Xbox One (Durango) Technical hardware investigation

taisui · Aug 30, 2013

ProjectNatalFan said:
SemiAccurate would be very surprised if it was 128b wide, wires are cheap, power saving areas not. Why is this important? Unless Microsoft’s XBox One architects are masochists that enjoy doing needless and annoying work they would not have reinvented the wheel and put an arbitrarily clockable asynchronous interface between the NB and the CPU cores/L2s. Added complexity, lowered performance, and die penalty for absolutely no useful upside is not a good architectural decision. That means the XBox One’s 8 Jaguar cores are clocked at ~1.9GHz, something that wasn’t announced at Hot Chips.

thanks if anyone can decode this mastery madness

He's saying that because the coherent bus BW is 30GBps, working backwards doing the 256b/32B from the DDR3, the bus would be 938Mhz. Take that and times the multiplier 2X, you get ~1.9Ghz on the CPU.

However I don't see why you can't do 1.5X on the frequency multiplier or just have it be async.

ProjectNatalFan · Aug 30, 2013

taisui said:
He's saying that because the coherent bus BW is 30GBps, working backwards doing the 256b/32B from the DDR3, the bus would be 938Mhz. Take that and times the multiplier 2X, you get ~1.9Ghz on the CPU.

However I don't see why you can't do 1.5X on the frequency multiplier or just have it be async.

did they ever find out if it is sync or async? and when you say working backwards, how does the math apply there? and do you know what the B stands for?

ProjectNatalFan · Aug 30, 2013

eastmen said:
I dunno if anyone is bias and I don't think here is the right place to talk about it . I just would like to see the theory of why its wrong and not just hear its wrong and that's it.

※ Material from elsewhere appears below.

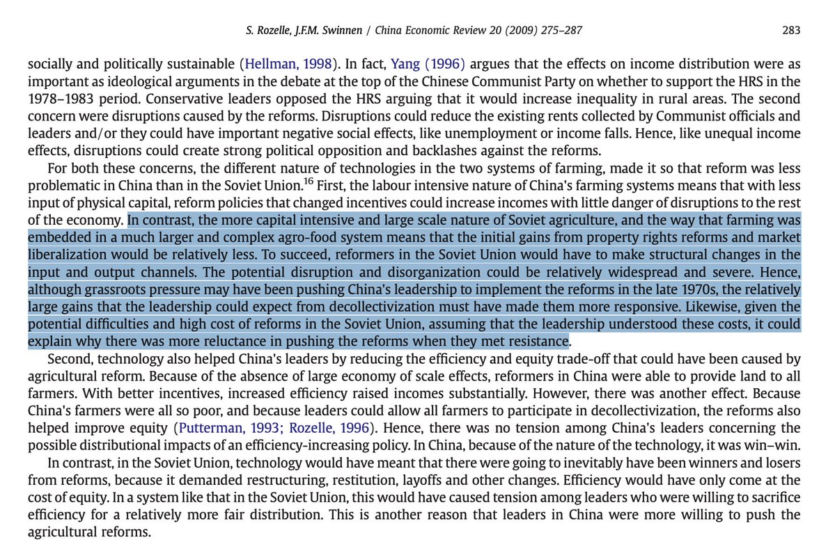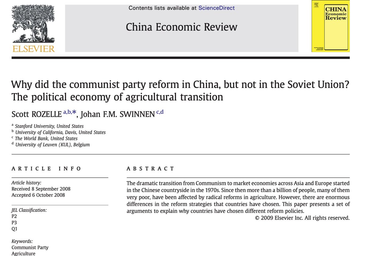 Great summary of political economy of farm sector reform. The real incentives and constraints. Rozelle & Swinnen, “Why Did the Communist Party Reform in China, but Not in the Soviet Union?” (2009)

I'm not a huge tech head like the guys on here and I do like to read what everyone comes up with and why even if I understand little of it. Its one of the only ways for me to learn more.

the theory of why its wrong is from the vgleak docs is that both ps4 and XBO have the same coherency number of 30gb's and the clock on the original doc is 1.6. Now you are saying you have an insider that claims the XBO has a more powerful CPU correct??

taisui · Aug 30, 2013

ProjectNatalFan said:
did they ever find out if it is sync or async? and when you say working backwards, how does the math apply there? and do you know what the B stands for?

B=Byte, b=bit, 1Byte=8bits, they are unit for data.
So 30GBps / 32B = 938M

He's guessing it's synchronous because it's a simpler design.

ProjectNatalFan · Aug 30, 2013

taisui said:
B=Byte, b=bit, 1Byte=8bits, they are unit for data.
So 30GBps / 32B = 938M

He's guessing it's synchronous because it's a simpler design.

awesome but if it was 128b/16b design then it would clock to the 1.6 correct???

eastmen · Aug 30, 2013

ProjectNatalFan said:
the theory of why its wrong is from the vgleak docs is that both ps4 and XBO have the same coherency number of 30gb's and the clock on the original doc is 1.6. Now you are saying you have an insider that claims the XBO has a more powerful CPU correct??

same person that told me about a possible small gpu uplock happening of about 75mhz. He told me that cpu in the xbox one is faster but never told me how much. I assume it was 1.8ghz and he never corrected me when I asked him the speed. So I dunno .

taisui · Aug 30, 2013

ProjectNatalFan said:
awesome but if it was 128b/16b design then it would clock to the 1.6 correct???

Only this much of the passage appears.